Development of Pittsburgh compound B was supported through grants from the Alzheimer's Association, the National Institute on Aging and the National Institute of Mental Health.
"The ability to link sophisticated chemistry with modern imaging techniques holds great future promise, and watching Pittsburgh compound B move from the laboratory through animal studies and into its first human trials has been extremely heartening and inspiring," says William H. Thies, Ph.D., Alzheimer's Association vice president, medical and scientific affairs. "We've had an opportunity to follow a top research team through the whole scientific process from concept to clinic. We're proud to have supported this work and hope the news remains good as we move into larger human trials."
Beta-amyloid, the protein fragment highlighted by Pittsburgh compound B, is a prime suspect in Alzheimer-related brain cell damage and destruction.

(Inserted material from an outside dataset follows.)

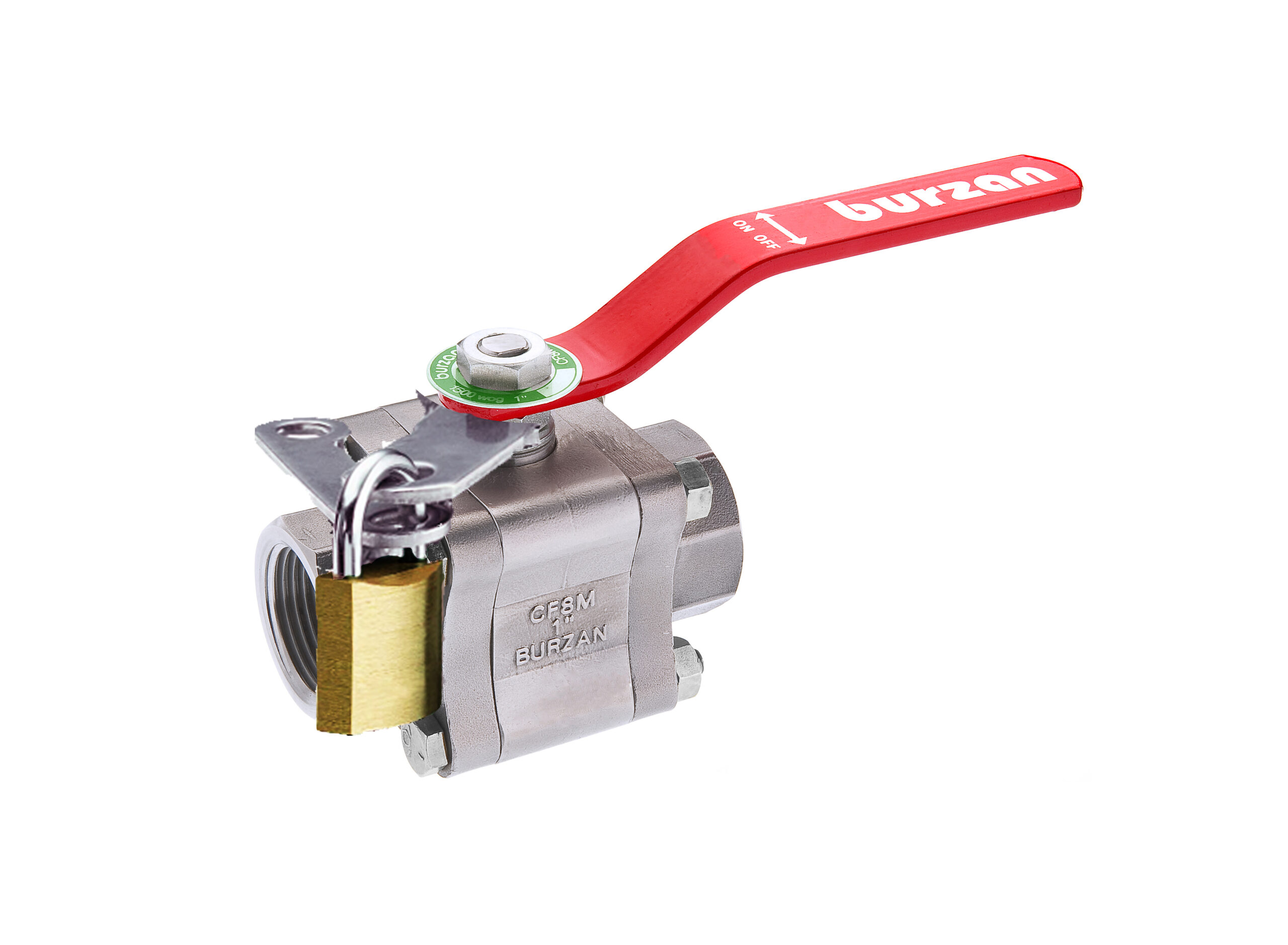 El dispositivo de bloqueo mantiene inoperativa la manija de la válvula en la posición abierta o cerrada. Permite agregar un candado de 6 u 8mm para evitar el uso indebido o accidental de la válvula.

The fragment is clipped from a larger parent molecule and accumulates by stages into the amyloid plaques considered one hallmark of the Alzheimer brain.
Several experimental drugs targeting beta-amyloid are under development. In some studies in the early stages of human clinical trials, imaging with Pittsburgh compound B is being included as part of the experimental protocol.

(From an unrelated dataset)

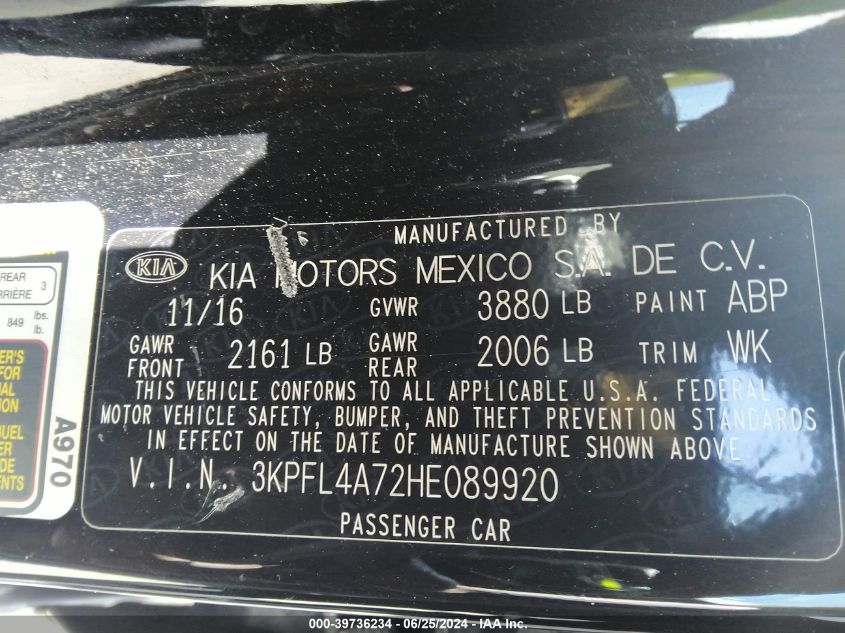 Color BlackCylinders 4Drive Front wheel driveVIN 3KPFL4A72HE******State Run & Drive VerifiedDamage Water AutoRIA

Larger-scale Pittsburgh compound B studies are also planned to clarify whether beta-amyloid occurs in the normal brain; whether there is a predictable pattern of increasing deposition as Alzheimer's disease progresses; whether patterns of deposition can be tied to memory problems and other Alzheimer symptoms; and whether symptoms improve when beta-amyloid levels are reduced. Answering these questions could significantly accelerate drug development.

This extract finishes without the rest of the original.